Q. Most prized possession?
A. I have several prized heirlooms, but a quilt made by my great-great-great grandmother during the Civil War is treasured in our home.
Q. Person outside of your family you would most like to spend time with on an island?
A. Jimmy Buffett, provided he had a guitar with him.
Q. You’ve just been given $100,000 to donate to charity. Where would you give it, and why?
A. The Jason Foundation. The foundation is doing a tremendous job in working to prevent suicide among young people across the country.
Q. When faced with two equally qualified candidates, how do you determine whom to hire?
A. I always want to hire individuals who will fit into the culture of our organization. Those attributes are subjective and sometimes difficult to pick. I also consider military service to be an attribute that deserves consideration, as is seeking to balance the diversity of our employee mix.
Q. What would you like to cross off your “bucket list” next?
A. I would like to visit Ireland. My mother’s grandparents are Irish, and I have always wanted to visit there.
Q. What line of work would you pursue if you couldn’t work in your present one?
A. International security.
Q. Organization or company other than your own that you most admire?
A. One organization that stands out is the American Red Cross. My first career was in law enforcement, and I was able to see firsthand the direct support and great work done by the staff and volunteers at local, state and national levels.
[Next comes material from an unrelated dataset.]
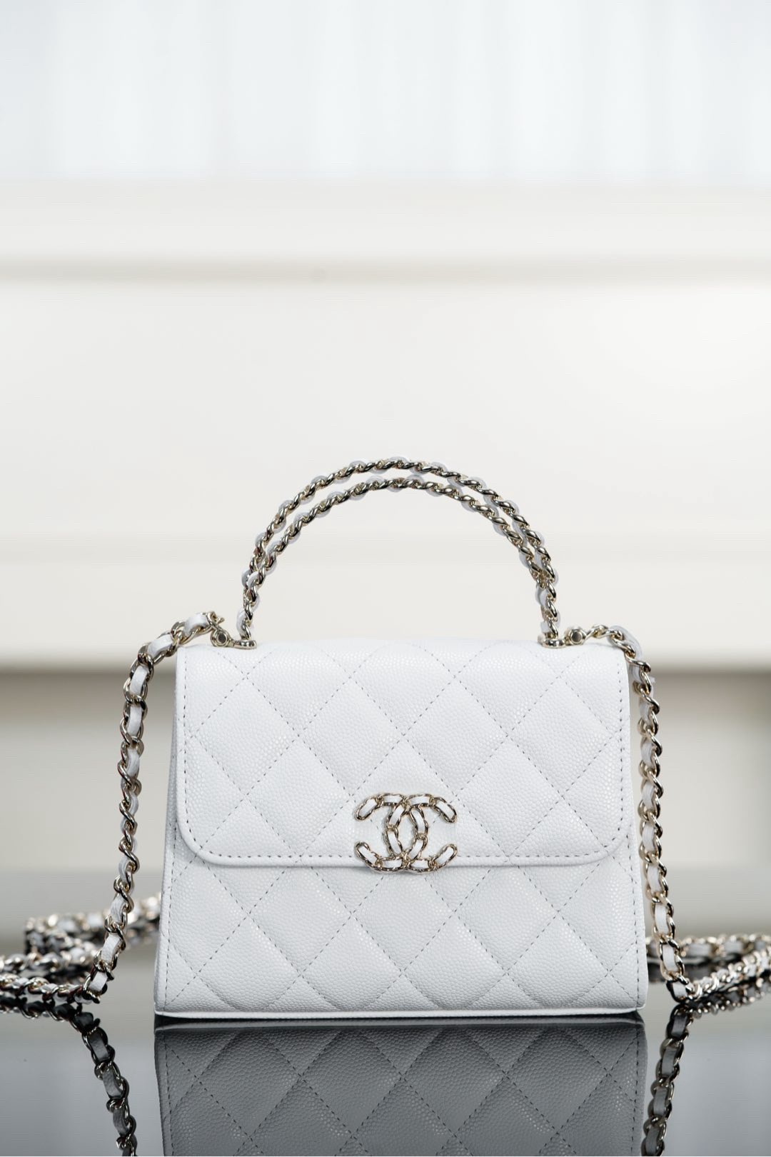 CHANEL 23P Spring/Summer Kelly diamond-shaped hollowed-out handle granular embossed shiny granular mouth cover bag, clutch, single-shoulder crossbody handbag, white

Q. Can you name a person who has had a tremendous impact on you as a leader?
A. Most recently, my predecessor, David Costello, had a tremendous impact on my thoughts on leadership. I tend to be a pragmatic and linear thinker (and doer). David showed me the importance of creating a fun but productive work environment, to balance work with life and to be open to the thoughts and positions of others.
Q. What is the one behavior or trait that most often derails leaders’ careers?
A. I believe closemindedness and/or the unwillingness to change or accept change are negative attributes that ultimately will lead to a leader’s demise.
Q. They’re making a movie of your life. Is it a drama or comedy and who plays you?
A. It would be a drama (hopefully with some humor), and I would be played by Tom Selleck (Undoubtedly, it’s all about the moustache).